Your instructions
Start the copy at the line holding "传播立体化。 转变志书传统平" and continue it exactly through the last line of the entries, leaving out pictures and anything else.

Recorded data
━━━━━━━━━━━━━━━━

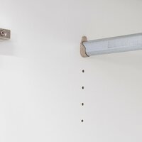 Особенностью шкафа является наличие металлической штанги для одежды с регулировкой по высоте в 5 положениях. Благодаря этому Вы сами сможете изменять внутреннее наполнение шкафа, оставляя больше места для одежды на штанге или на полке под ней.
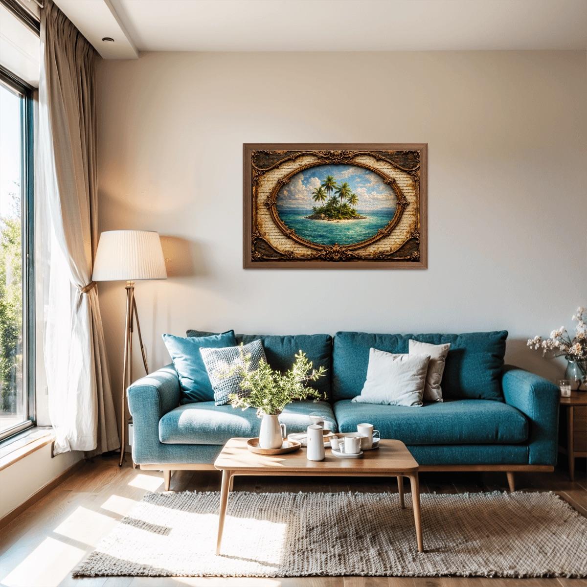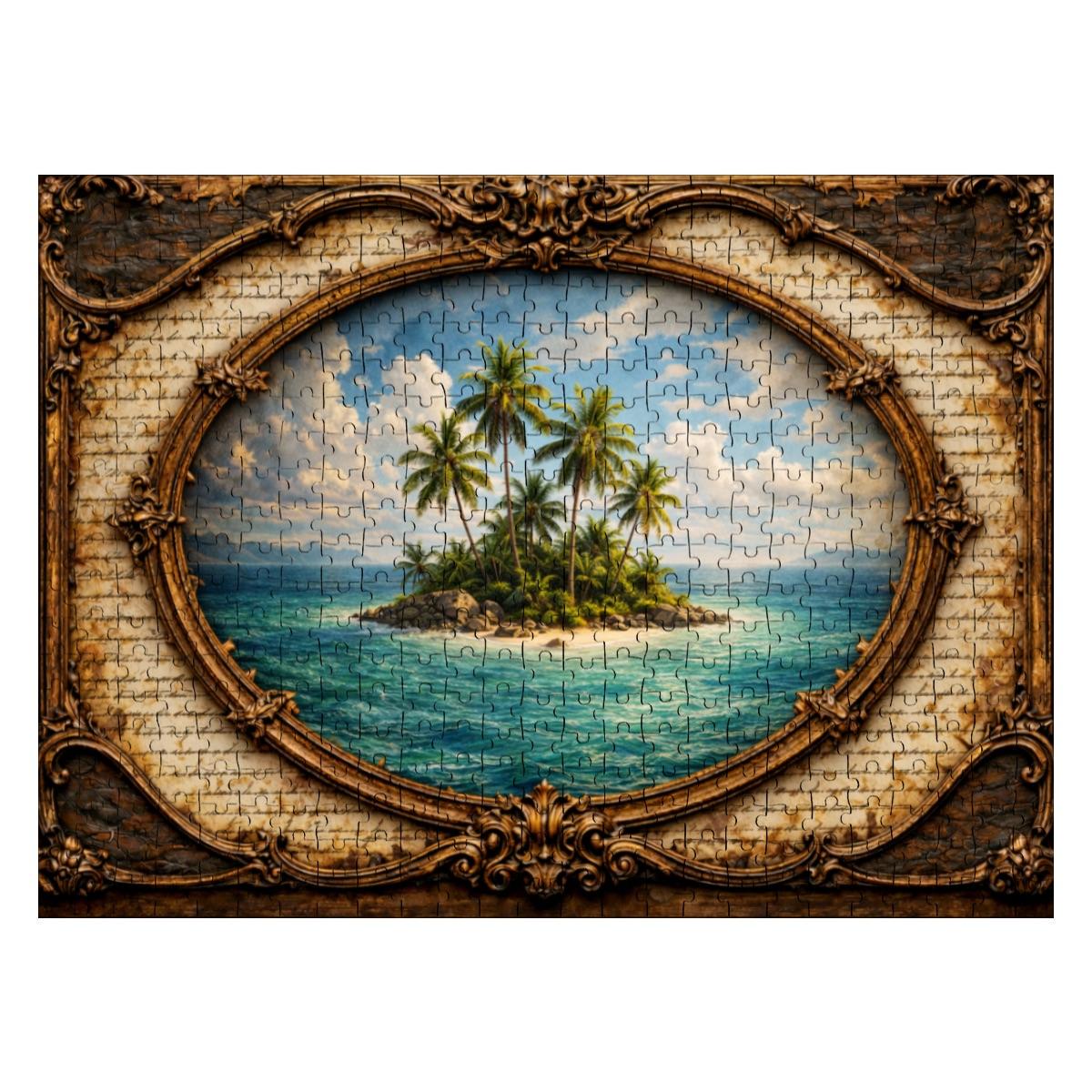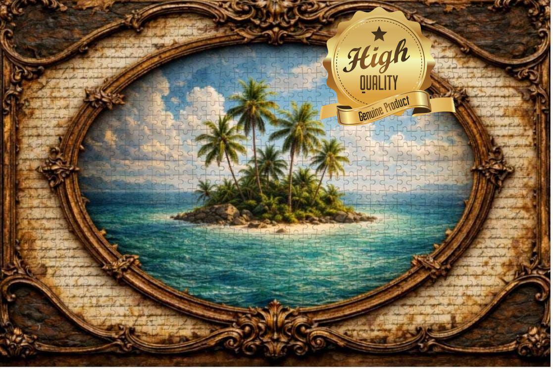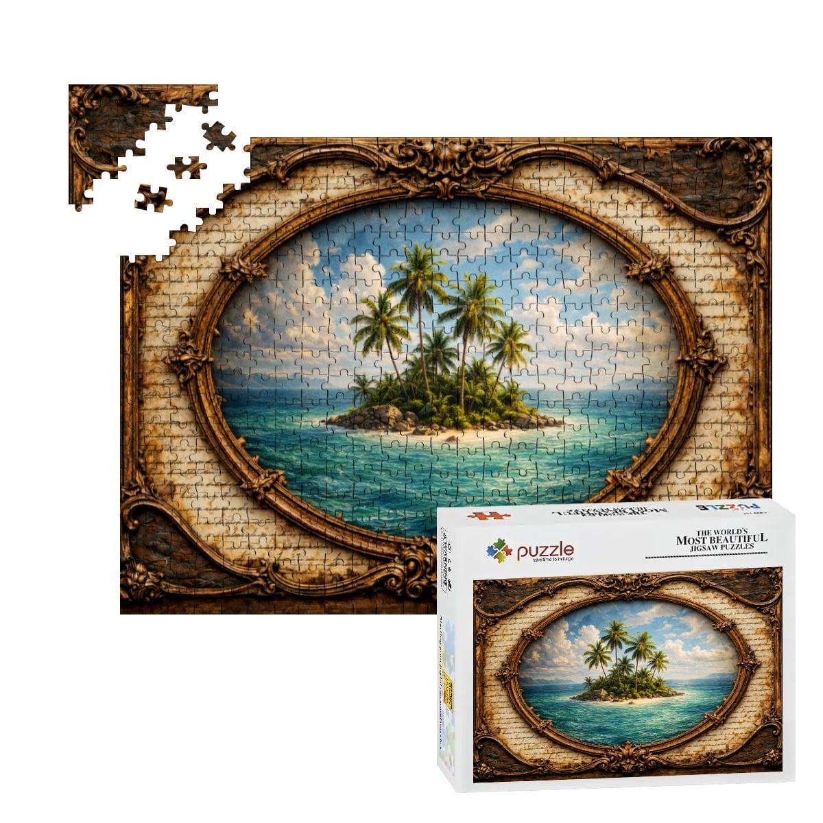 Escape to a peaceful tropical paradise with this beautiful Tropical Island Wooden Puzzle. The artwork features a small island surrounded by clear blue ocean waters with tall palm trees swaying in the breeze, framed in a vintage oval design that gives the scene a warm and timeless look.
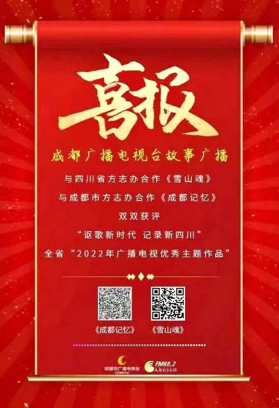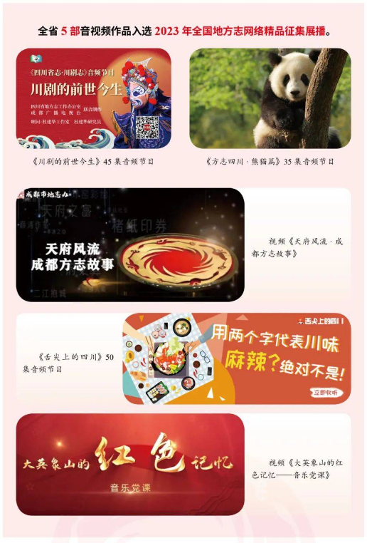 传播立体化。 转变志书传统平面传播模式,推动方志文化可听、可视传播,制作一系列活色“声”香、画面精美、内容丰富的音、视频节目,深受各界好评。省地方志办依托独具特色、群众喜爱的川菜、川酒、川剧、大熊猫等“川字号”特色志书,联合成都广播电视台、喜马拉雅官方电台等制作《舌尖上的四川》《方志四川·熊猫篇》《四川方言的来龙去脉》《川剧的前世今生》《雪山魂》等音频节目800余期,在成都广播电台、喜马拉雅官方电台、腾讯音乐平台等媒体播出。其中,《舌尖上的四川》被评为全国政务专辑人气类前十名;《雪山魂》获评四川省“2022年广播电视优秀主题作品”;《舌尖上的四川》《方志四川·熊猫篇》《川剧的前世今生》入选2023年全国地方志网络精品征集展播活动名单。
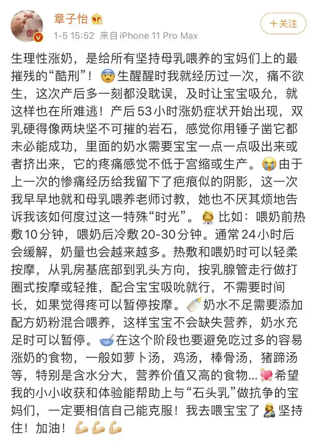 章子怡、Ella都曾在社交平台上用文字分享过初为人母所经历的生理痛苦,告诉所有的新手妈妈:你们都不孤单。
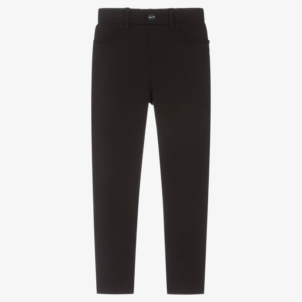 Black trousers for girls from Mayoral, in a super-skinny fit. So comfortable in cotton, they are made in soft, stretchy and medium-weight jersey, with a fleecy-feel underside for added cosiness. They have frill-trimmed faux front pockets, bow details on the back pockets, and a silver faux leather patch on the back. The softly elasticated waist is detailed with a silver-tone faux button on the front and is adjustable for the ideal fit.
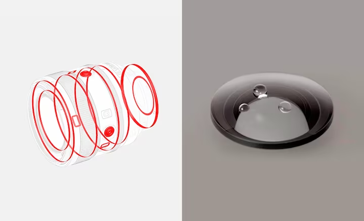 El elemento frontal del lente tiene un revestimiento de flúor que repele huellas digitales, polvo, agua, aceite y otros, a la vez que facilita limpiar la suciedad que se fije a la superficie. Su diseño resistente al polvo y a la humedad ofrece más fiabilidad para su uso en áreas exteriores y condiciones adversas.

━━━━━━━━━━━━━━━━

Output of the exercise
 传播立体化。 转变志书传统平面传播模式,推动方志文化可听、可视传播,制作一系列活色“声”香、画面精美、内容丰富的音、视频节目,深受各界好评。省地方志办依托独具特色、群众喜爱的川菜、川酒、川剧、大熊猫等“川字号”特色志书,联合成都广播电视台、喜马拉雅官方电台等制作《舌尖上的四川》《方志四川·熊猫篇》《四川方言的来龙去脉》《川剧的前世今生》《雪山魂》等音频节目800余期,在成都广播电台、喜马拉雅官方电台、腾讯音乐平台等媒体播出。其中,《舌尖上的四川》被评为全国政务专辑人气类前十名;《雪山魂》获评四川省“2022年广播电视优秀主题作品”;《舌尖上的四川》《方志四川·熊猫篇》《川剧的前世今生》入选2023年全国地方志网络精品征集展播活动名单。
 章子怡、Ella都曾在社交平台上用文字分享过初为人母所经历的生理痛苦,告诉所有的新手妈妈:你们都不孤单。
 Black trousers for girls from Mayoral, in a super-skinny fit. So comfortable in cotton, they are made in soft, stretchy and medium-weight jersey, with a fleecy-feel underside for added cosiness. They have frill-trimmed faux front pockets, bow details on the back pockets, and a silver faux leather patch on the back. The softly elasticated waist is detailed with a silver-tone faux button on the front and is adjustable for the ideal fit.
 El elemento frontal del lente tiene un revestimiento de flúor que repele huellas digitales, polvo, agua, aceite y otros, a la vez que facilita limpiar la suciedad que se fije a la superficie. Su diseño resistente al polvo y a la humedad ofrece más fiabilidad para su uso en áreas exteriores y condiciones adversas.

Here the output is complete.